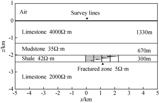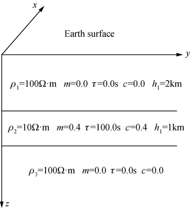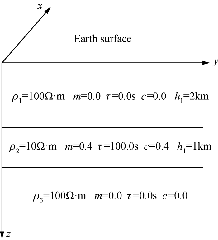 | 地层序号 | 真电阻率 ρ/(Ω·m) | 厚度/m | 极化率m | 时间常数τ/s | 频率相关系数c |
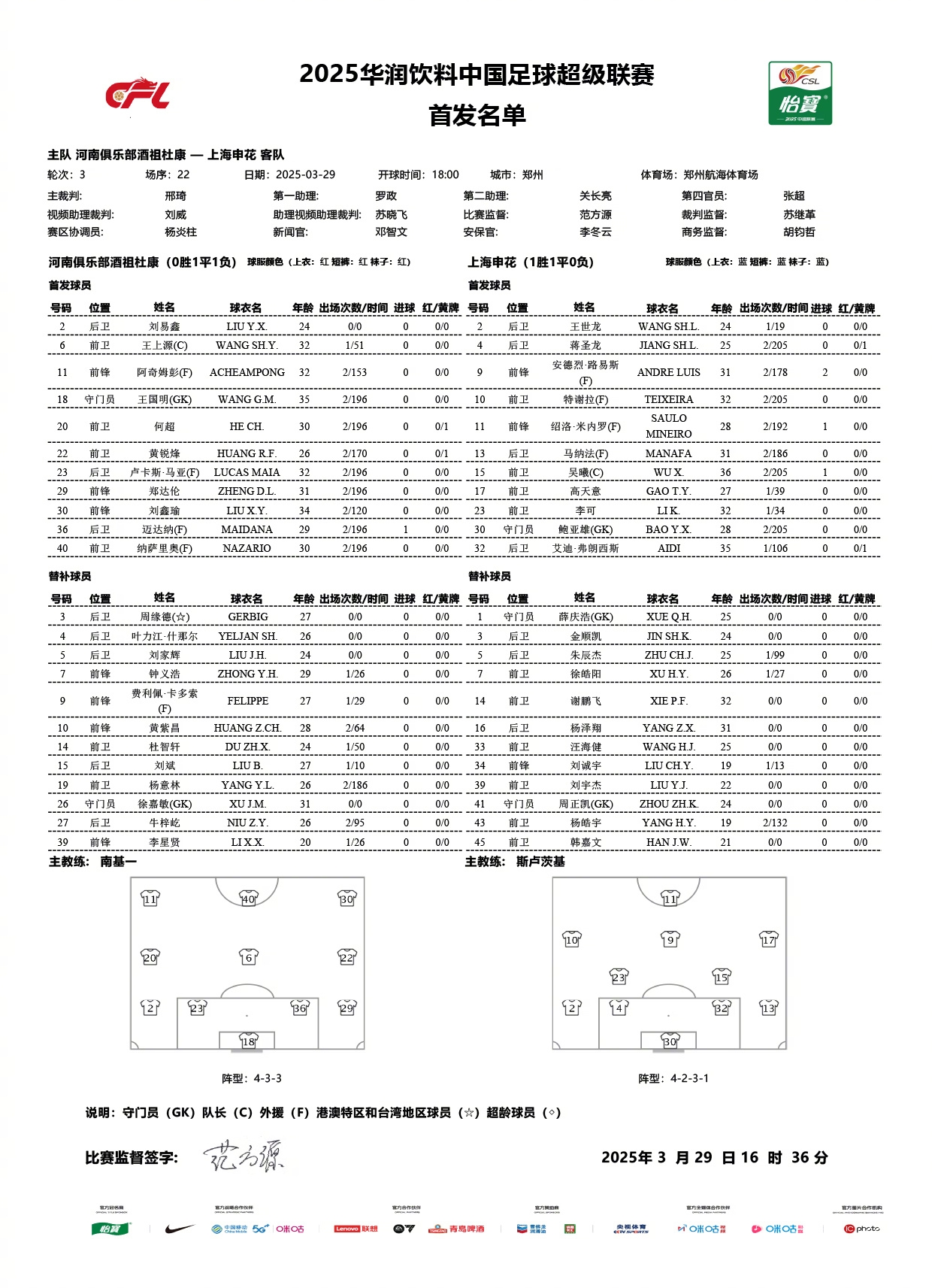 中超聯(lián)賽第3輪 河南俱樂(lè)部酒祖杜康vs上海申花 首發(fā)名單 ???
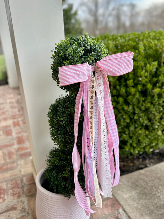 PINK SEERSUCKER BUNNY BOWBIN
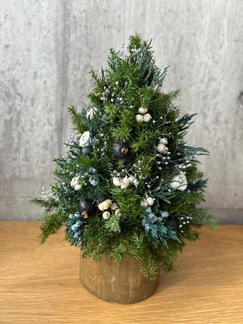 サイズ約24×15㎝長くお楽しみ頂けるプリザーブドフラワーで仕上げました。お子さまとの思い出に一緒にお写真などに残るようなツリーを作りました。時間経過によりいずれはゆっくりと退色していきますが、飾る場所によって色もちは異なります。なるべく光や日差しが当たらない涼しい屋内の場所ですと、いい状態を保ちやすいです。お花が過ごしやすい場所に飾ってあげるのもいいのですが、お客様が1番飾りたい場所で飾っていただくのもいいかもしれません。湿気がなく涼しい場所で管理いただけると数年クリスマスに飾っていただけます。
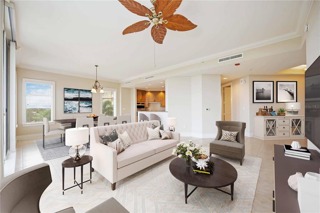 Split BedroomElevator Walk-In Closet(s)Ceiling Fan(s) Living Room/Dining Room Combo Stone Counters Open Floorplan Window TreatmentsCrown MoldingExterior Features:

* * * *

## DIRECTIONS
With the pictures left out, copy exactly the lines above from the line containing "中超聯(lián)賽第3輪 河南俱樂(lè)部酒祖杜康vs上海申花 首發(fā)名單" through the last line of the entries.

## YOUR RESPONSE
 中超聯(lián)賽第3輪 河南俱樂(lè)部酒祖杜康vs上海申花 首發(fā)名單 ???
 PINK SEERSUCKER BUNNY BOWBIN
 サイズ約24×15㎝長くお楽しみ頂けるプリザーブドフラワーで仕上げました。お子さまとの思い出に一緒にお写真などに残るようなツリーを作りました。時間経過によりいずれはゆっくりと退色していきますが、飾る場所によって色もちは異なります。なるべく光や日差しが当たらない涼しい屋内の場所ですと、いい状態を保ちやすいです。お花が過ごしやすい場所に飾ってあげるのもいいのですが、お客様が1番飾りたい場所で飾っていただくのもいいかもしれません。湿気がなく涼しい場所で管理いただけると数年クリスマスに飾っていただけます。
 Split BedroomElevator Walk-In Closet(s)Ceiling Fan(s) Living Room/Dining Room Combo Stone Counters Open Floorplan Window TreatmentsCrown MoldingExterior Features:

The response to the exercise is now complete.